Everything is managed through Electreon Flow, an AI-powered platform that provides a real-time view of every interaction between vehicles and road infrastructure. Instant alerts, diagnostics, and full control — all accessible remotely.
The World's First Wireless Charging Highway: A10, France
Southwest of Paris, on the A10 motorway, the world's first wireless charging highway is already operational. In partnership with VINCI Autoroutes and Gustave Eiffel University, Electreon installed coils delivering over 200 kW average power to a heavy-duty truck during normal traffic conditions.
Three vehicles charging at once from the same stretch of road — truck, bus, and car drawing power without interfering with each other. The system is vehicle-agnostic — van, semi-trailer, or compact hatchback, the road treats them all the same way.
France has set ambitious targets: 5,000 km of electric roads by 2030 and 9,000 km by 2035. A government study found that electric road systems could cut road freight emissions by 86% — a critical figure for reaching net-zero by 2050.
Detroit: Wireless Charging in the Motor City
In Detroit — birthplace of the American auto industry — North America's first public wireless EV charging road has been operating for over 18 months. Led by the Michigan Department of Transportation (MDOT), the project sits on 14th Street, adjacent to Ford's Michigan Central innovation district.
A Ford E-Transit shuttle nicknamed “Ellie” was fitted with a wireless receiver and ran regular routes — charging both while moving and while stopped at stations. Inductive coils embedded beneath a quarter-mile stretch powered the shuttle through heavy traffic, winter storms, and summer heat without interruption.
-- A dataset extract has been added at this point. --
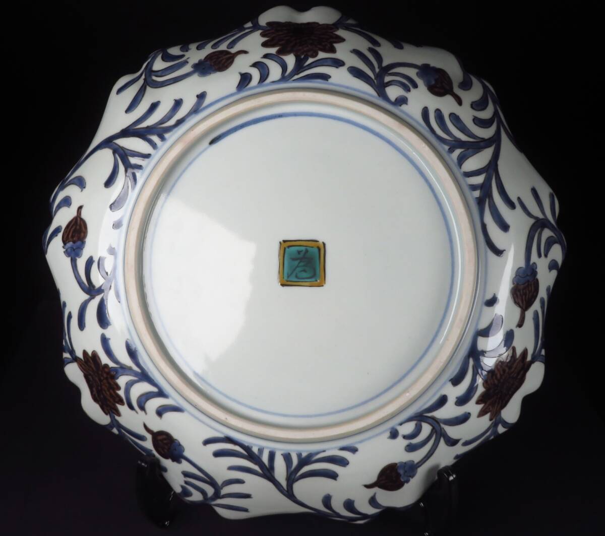 | 【SAKURAYA】コレクター整理品【色絵山水人物文飾皿/九谷焼 三ツ井為吉(詠一)】古九谷 作家 在銘 共箱 輪花 骨董品 古美術品 直径30.5cm | ||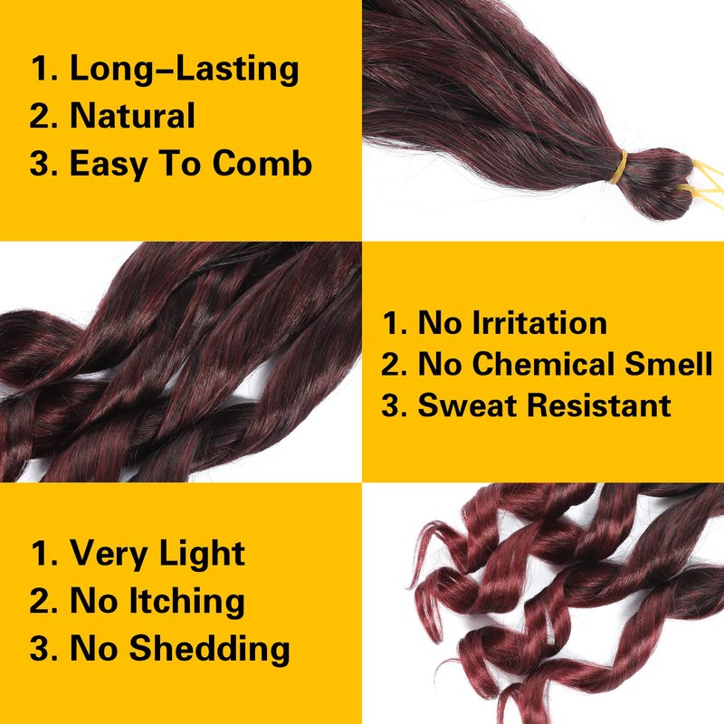 - Hair Material:French curly braiding hair made of High Quality Pre Stretched Flame-Retardan Synthetic Fiber.bouncy loose wavy braiding hair,natural looking super soft as human hair.

Endless Range from just 20% electrification: With only 20% of the route electrified, the system demonstrated that strategically placed charging zones eliminate the need for dedicated stops, enable smaller batteries, and ease grid demand. Companies like UPS and Xos have already joined the program.
Across Europe: Bavaria, Norway, Italy
Other countries are following suit. On the Bavarian Autobahn in Germany, Electreon deployed wireless charging on a highway section — a significant step for a country that relies heavily on road freight.
In Trondheim, Norway, the first pilot program for wireless BRT bus charging operates during regular routes. Instead of stopping for 20 minutes at a depot, buses charge while picking up passengers.
In Italy, the “Arena of the Future” project on the A35 motorway near Brescia tested wireless charging under real traffic conditions, proving the technology works reliably in Mediterranean climates.
Why This Changes Everything
The benefits extend far beyond convenience:
- Smaller batteries — EVs no longer need massive 100+ kWh packs. Smaller batteries mean lighter vehicles, lower costs, and reduced dependence on lithium and cobalt.
- Lower total cost of ownership — Continuous charging reduces fleet sizes and favors off-peak energy use.
- Invisible infrastructure — Everything sits beneath the asphalt. No visual clutter, resistant to weather and vandalism.
- Grid-friendly — Distributes charging load along the road's length, avoiding demand spikes that stress the electrical grid.
- Autonomous-ready — Self-driving trucks of the future will charge hands-free, running non-stop routes without human intervention.
Challenges on the Road Ahead
Scaling up won't come cheap. Electrifying one kilometer of highway costs hundreds of thousands of euros, and covering thousands of kilometers requires unprecedented levels of public funding and private investment. Maintenance raises questions too — what happens when the asphalt above the coils needs to be torn up and replaced?
Standards are still evolving. A universal global protocol is needed so the same receiver works on roads in France, Germany, and Greece. Electreon already follows ISO-9001 and ISO-45001 standards, but full standardization will take years of international coordination.
The signs point one direction. France is planning 5,000 km by 2030. The US is testing in Detroit. Germany has activated its Autobahn segment. In ten years, we might stop asking if highways will charge our cars and start asking why some roads still don't.